Meureudu – Ratusan warga terdampak banjir di Kecamatan Meureudu, Kabupaten Pidie Jaya, hingga kini masih bertahan di Posko Tgk Chik Pante Geulima dan Gedung Olahraga KONI. Sudah tiga hari berada di pengungsian, kondisi para warga semakin memprihatinkan karena belum ada bantuan yang disalurkan oleh pemerintah daerah.
Di Posko Tgk Chik Pante Geulima, para pengungsi terlihat bertahan dengan perlengkapan seadanya. Anak-anak, perempuan, dan lansia duduk di halaman serta ruangan bangunan yang dijadikan penampungan sementara. Mereka membawa pakaian basah, kasur tipis, dan barang yang berhasil diselamatkan saat banjir melanda.

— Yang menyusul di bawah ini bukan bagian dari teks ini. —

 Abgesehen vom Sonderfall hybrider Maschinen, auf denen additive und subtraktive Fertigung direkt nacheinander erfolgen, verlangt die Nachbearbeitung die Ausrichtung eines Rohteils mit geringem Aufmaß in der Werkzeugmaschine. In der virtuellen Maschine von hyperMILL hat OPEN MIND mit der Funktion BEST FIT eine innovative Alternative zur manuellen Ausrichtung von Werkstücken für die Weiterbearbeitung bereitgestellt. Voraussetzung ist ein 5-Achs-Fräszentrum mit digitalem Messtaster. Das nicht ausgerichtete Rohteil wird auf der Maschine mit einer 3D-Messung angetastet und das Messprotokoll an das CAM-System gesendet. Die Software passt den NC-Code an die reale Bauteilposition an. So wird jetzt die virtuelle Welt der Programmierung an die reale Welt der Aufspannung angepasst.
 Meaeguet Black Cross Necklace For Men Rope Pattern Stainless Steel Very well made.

Sementara itu, Gedung KONI Pidie Jaya juga dipadati warga yang mencari tempat aman. Pengungsi menggelar tikar di lantai lapangan, menjemur pakaian basah di tiang gedung, dan membagi ruang seadanya untuk keluarga masing-masing. Suasana di dalam gedung tampak padat dan minim fasilitas.
Memasuki hari ketiga, para pengungsi mengaku belum menerima bantuan apa pun dari pemerintah. Mereka hanya mengandalkan barang bawaan sendiri serta bantuan spontan dari warga sekitar yang tergerak membantu. Kondisi ini membuat banyak pengungsi mulai kelelahan dan khawatir dengan kesehatan anak-anak serta lansia.

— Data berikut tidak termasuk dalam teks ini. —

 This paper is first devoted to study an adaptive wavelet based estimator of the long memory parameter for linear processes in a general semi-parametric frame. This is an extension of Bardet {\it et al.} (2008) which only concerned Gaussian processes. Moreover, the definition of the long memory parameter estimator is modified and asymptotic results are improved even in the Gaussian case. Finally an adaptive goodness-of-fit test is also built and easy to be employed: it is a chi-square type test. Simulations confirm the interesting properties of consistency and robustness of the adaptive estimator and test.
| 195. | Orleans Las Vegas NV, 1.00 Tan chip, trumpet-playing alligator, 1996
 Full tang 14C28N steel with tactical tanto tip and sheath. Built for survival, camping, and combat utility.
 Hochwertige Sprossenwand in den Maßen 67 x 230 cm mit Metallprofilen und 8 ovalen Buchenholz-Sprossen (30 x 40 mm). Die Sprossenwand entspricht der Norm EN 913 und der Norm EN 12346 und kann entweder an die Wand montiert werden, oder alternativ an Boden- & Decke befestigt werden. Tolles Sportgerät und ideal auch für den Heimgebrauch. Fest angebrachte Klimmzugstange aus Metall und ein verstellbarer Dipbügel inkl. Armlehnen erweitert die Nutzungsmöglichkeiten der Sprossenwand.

Seorang pengungsi mengungkapkan rasa kecewanya karena belum ada perhatian dari pemerintah. “Sudah tiga hari kami di sini. Belum ada bantuan apa pun dari pemerintah. Kami bertahan dengan apa yang ada,” ujarnya dengan nada lelah.

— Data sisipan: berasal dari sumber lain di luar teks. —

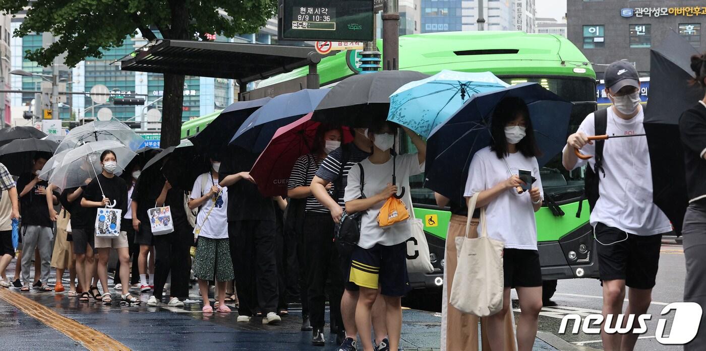 수도권과 중부지방을 중심으로 폭우가 내린 다음 날인 9일 서울 관악구 서울대입구역 인근 버스 정류장에서 시민들이 버스를 타기 위해 대기하고 있다. 전날 내린 폭우로 선로 일부가 물에 잠기며 지하철 일부 노선 운영이 중단돼 서울 시내 곳곳에서는 지하철 대신 버스를 타기 위해 인파가 몰렸다. 2022.8.9/뉴스1 ⓒ News1 조태형 기자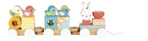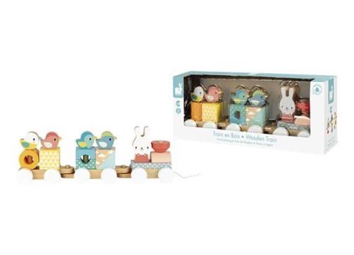 De Janod houten speelgoed trein uit de Pure lijn is een perfect kraamcadeau dankzij de zachte pastelkleuren en het schattige design. De trein bestaat uit een locomotief en 2 wagonnetjes, elk gevuld met stapelblokken en leuke diertjes. Een konijntje trekt de trein, gevolgd door vier vrolijke vogeltjes. Met afmetingen van ongeveer 31,4 x 6,8 x 11,5 cm is deze trein ideaal voor baby's en peuters vanaf 12 maanden oud.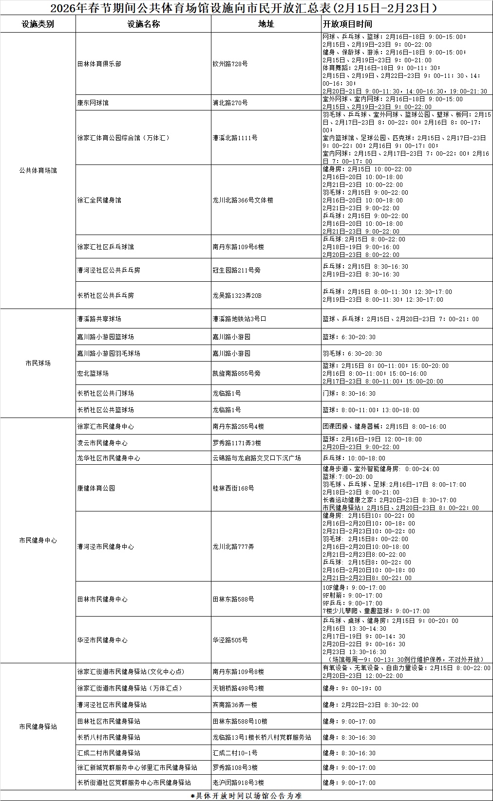 具体场馆开放表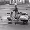 Sverre Eliasen står på en Vespa.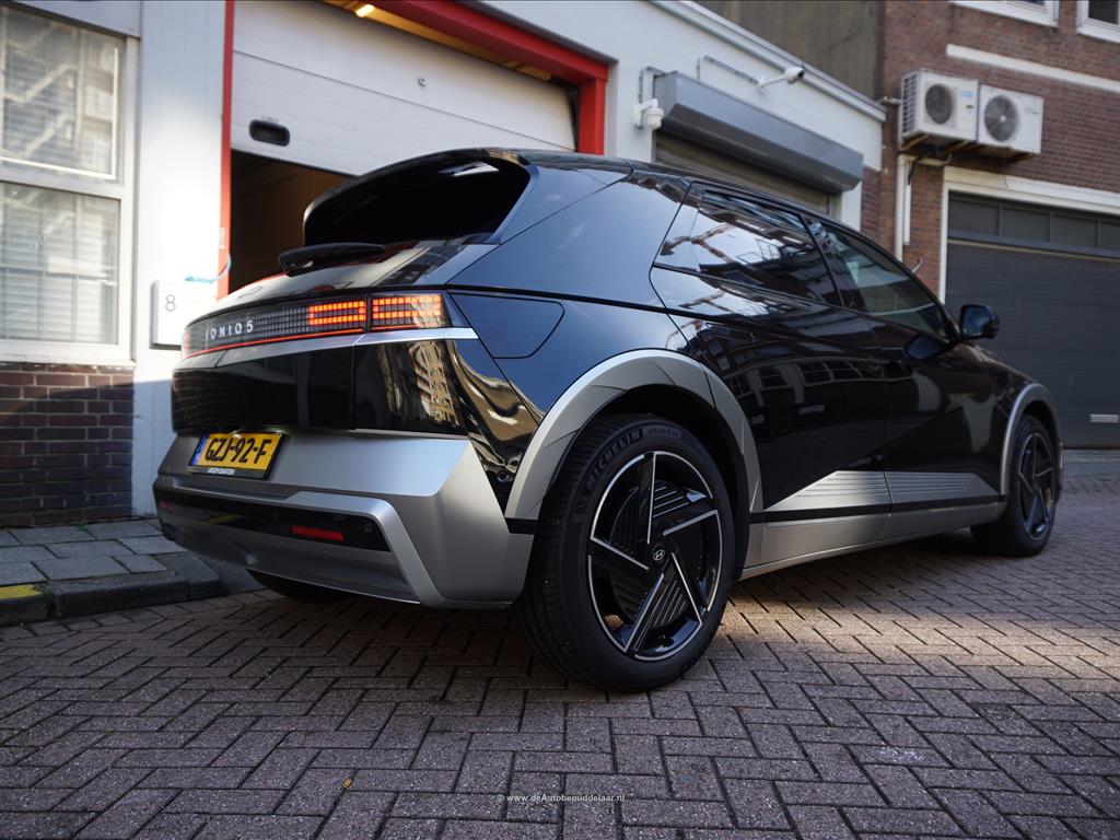 Hyundai IONIQ 5 84 kWh Lounge | BTW incl. | Nieuwprijs ca € 57.200,- | Fabrieksgarantie 12/2029 | Accugarantie 12/2032 of 160.000km | Vollederen interieur | Electrisch bedienbare stoelen met geheugen, stoelverwarming en stoelventilatie | Verwarmd stuurwiel | Head Up Display | Adaptieve cruise control + Lane departure met stuurcorrectie | Sfeerverlichting | APPLE Carplay/ Android Auto | Premium audio met DAB | 360 (TOPVIEW) camera | Virtual cockpit | achterbank elektrisch neerklapbaar, achterbank in delen neerklapbaar, achterruitverwarming, achterstoelen elektrisch verstelbaar, achterstoelen verwarmd, achteruitrij assistent, adaptief demping systeem, airco automatisch, alarm klasse 1(startblokkering), Anti Blokkeer Systeem, Apple Carplay/Android Auto, armsteun voor, audio installatie premium, automatische snelheidsbegrenzing ISA, autonome parkeerfunctie, Autonomous Emergency Braking, bagagedek, bagage-scheidingsnet, bandenspanningscontrolesysteem, bestuurdersairbag, binnenspiegel automatisch dimmend, Bluetooth, bots waarschuwing systeem, buitenspiegels elektrisch inklapbaar, buitenspiegels elektrisch verstel- en verwarmbaar, buitenspiegels in andere kleur, connected services, cruise control adaptief met Stop&Go en stuurhulp, DAB, dakspoiler, dimlichten automatisch, dodehoekdetectie met correctie, draadloze telefoonlader, elektrisch bedienbare achterklep, elektrisch verstelb. bestuurdersstoel met geheugen, elektrisch verstelb. passagiersstoel met geheugen, elektrische ramen voor en achter, Elektronisch Stabiliteits Programma, extra getint glas achter, geluidsisolerend glas, grootlichtassistent, head-up display, hill hold functie, hoofd airbag(s) achter, hoofd airbag(s) voor, interieur voorverwarming/(koeling), keyless entry, keyless start, kruisend verkeer detectie, LED achterlichten, LED dagrijverlichting, LED koplampen, lederen bekleding, lendesteun(en) elektrisch verstelbaar, lichtmetalen velgen 20inch, metaalkleur, motorgeluid simulator, multimedia scherm standaard, multimedia-voorbereiding, navigatiesysteem full map, oplaadmogelijkheid, parkeersensor achter, parkeersensor voor, passagiersairbag, regensensor, rijstrooksensor met correctie, rondomzicht camera, schakelpaddles, spraakbediening, stuur leder, stuur multifunctioneel, stuur verstelbaar, stuur verwarmd, stuurbekrachtiging, Vehicle-to-load , verlichte grille/strip, vervolgbotsing preventie, volledig digitaal instrumentenpaneel, voorstoelen in hoogte verstelbaar, voorstoelen verwarmd en geventileerd, warmtepomp, warmtewerende achterruit, warmtewerende voorruit, zelfstandige rijstrookwissel, zij airbag(s) voor, zonnescherm zijruiten.

Para warga di posko pengungsian saat ini membutuhkan berbagai kebutuhan mendesak, mulai dari makanan siap saji, selimut, pakaian kering, perlengkapan bayi, hingga layanan kesehatan. Minimnya logistik membuat sebagian pengungsi terpaksa tidur beralas tikar tipis di lantai yang lembab.
Hingga berita ini diterbitkan, pemerintah Kabupaten Pidie Jaya belum memberikan keterangan resmi terkait penyaluran bantuan bagi para pengungsi banjir di Meureudu. Warga berharap perhatian segera diberikan agar kondisi di posko tidak semakin memburuk.